EY-Autoexperte Constantin Gall spricht von einer außergewöhnlich schwierigen Gemengelage. Mehrere Belastungsfaktoren treffen die Branche gleichzeitig: eine spürbare Schwäche im Premiumsegment, politische Unsicherheiten durch die US-Zollpolitik, ungünstige Wechselkurse sowie milliardenschwere Investitionen in Elektromobilität, die sich bislang wirtschaftlich nicht auszahlen. Parallel treiben die Hersteller den tiefgreifenden Umbau ihrer Unternehmen voran – von neuen Plattformen über Software bis hin zu Produktionsstrukturen. Kurzfristig erhöhen diese Maßnahmen die Kosten erheblich. Zusammengenommen entsteht laut Gall ein "perfekter Sturm", der insbesondere die deutschen Autobauer trifft.
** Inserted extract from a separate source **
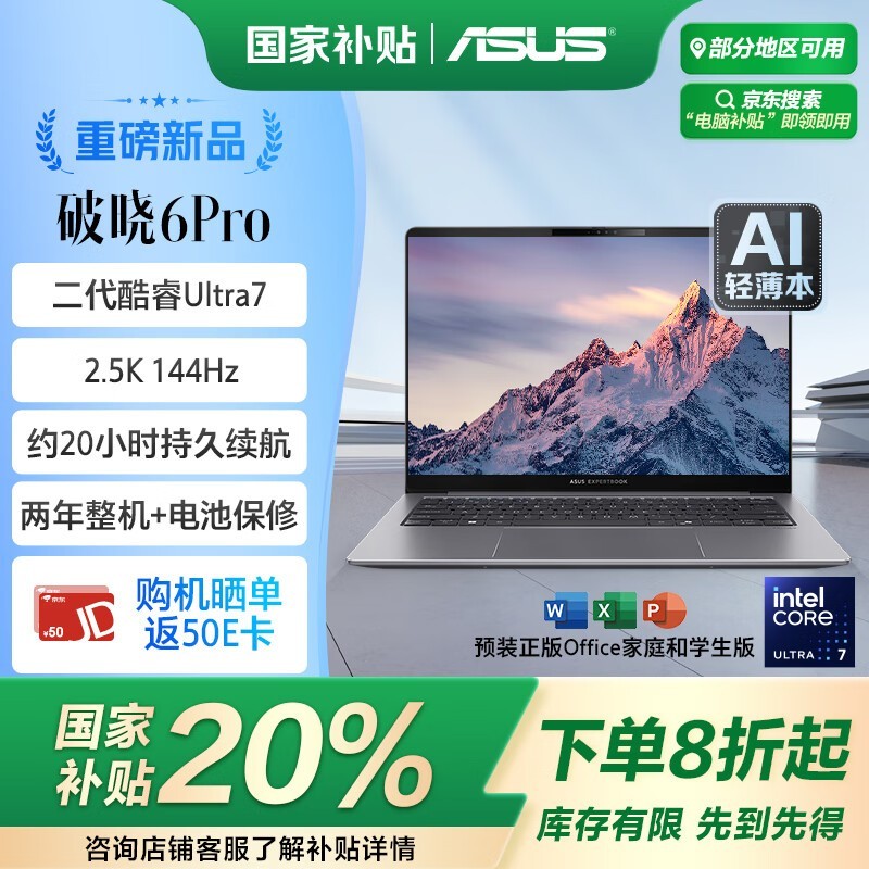 华硕ASUS破晓6Pro商务轻薄本笔记本电脑仅6029元

China verliert an Bedeutung – und an Vertrauen
Besonders sichtbar wird der Umbruch auf dem chinesischen Markt. Die Verkäufe deutscher Marken gingen dort im dritten Quartal um rund neun Prozent zurück. Der Anteil Chinas am weltweiten Absatz sank auf 29 Prozent, nachdem er noch vor wenigen Jahren deutlich höher lag. Der Wettbewerb dort ist extrem intensiv. In einem wirtschaftlich angespannten Umfeld verkaufen sich Premiumfahrzeuge schlechter, während der Markt für Elektroautos stark wächst. Davon profitieren vor allem chinesische Anbieter, deren Modelle bei Preis, Technik und Software zunehmend überzeugen. Westliche Hersteller versuchen gegenzusteuern, doch eine schnelle Trendwende ist nicht in Sicht.
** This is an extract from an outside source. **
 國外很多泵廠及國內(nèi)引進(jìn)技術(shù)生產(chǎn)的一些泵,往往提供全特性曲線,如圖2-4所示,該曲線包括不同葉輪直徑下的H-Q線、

Wie angespannt die Lage ist, zeigt ein Blick auf die Margen. Der profitabelste Hersteller im dritten Quartal war Suzuki mit einer operativen Marge von 9,2 Prozent, gefolgt von BMW und Toyota. Insgesamt blieb bei den meisten Unternehmen deutlich weniger Gewinn vom Umsatz übrig als noch vor wenigen Jahren. Die durchschnittliche operative Marge der analysierten Konzerne lag bei lediglich 3,9 Prozent – der niedrigste Wert seit mindestens einem Jahrzehnt. Seit 2023 hat sich dieser Wert mehr als halbiert.
Sparprogramme und Stellenabbau als Reaktion
In Deutschland reagieren viele Unternehmen inzwischen mit harten Sparprogrammen. Große Hersteller und Zulieferer wie Bosch, ZF Friedrichshafen, Mercedes-Benz und der Volkswagen-Konzern haben Stellenabbau angekündigt. Besonders stark betroffen sind Zulieferer, die unter dem doppelten Druck aus schwächerer Nachfrage und tiefgreifendem Technologiewandel stehen.
Kurzfristig verursacht der Personalabbau hohe Kosten, langfristig soll er jedoch die Wettbewerbsfähigkeit stärken. Gall hofft, dass die Phase des bilanziellen Aufräumens bald abgeschlossen sein wird und die Kostensenkungen mittelfristig zu stabileren Margen führen.
Verbrenner als wirtschaftlicher Stabilitätsanker
Ein möglicher Lichtblick liegt in der Antriebspolitik. Der erwartete schnelle Durchbruch der Elektromobilität ist zumindest in westlichen Märkten bislang ausgeblieben. Die Mehrheit der Käufer entscheidet sich weiterhin für Fahrzeuge mit Verbrennungsmotor – zunehmend allerdings in Hybridform. Das längere Festhalten an dieser Technologie könnte sich für die Hersteller kurzfristig als wichtiger Ertragspuffer erweisen.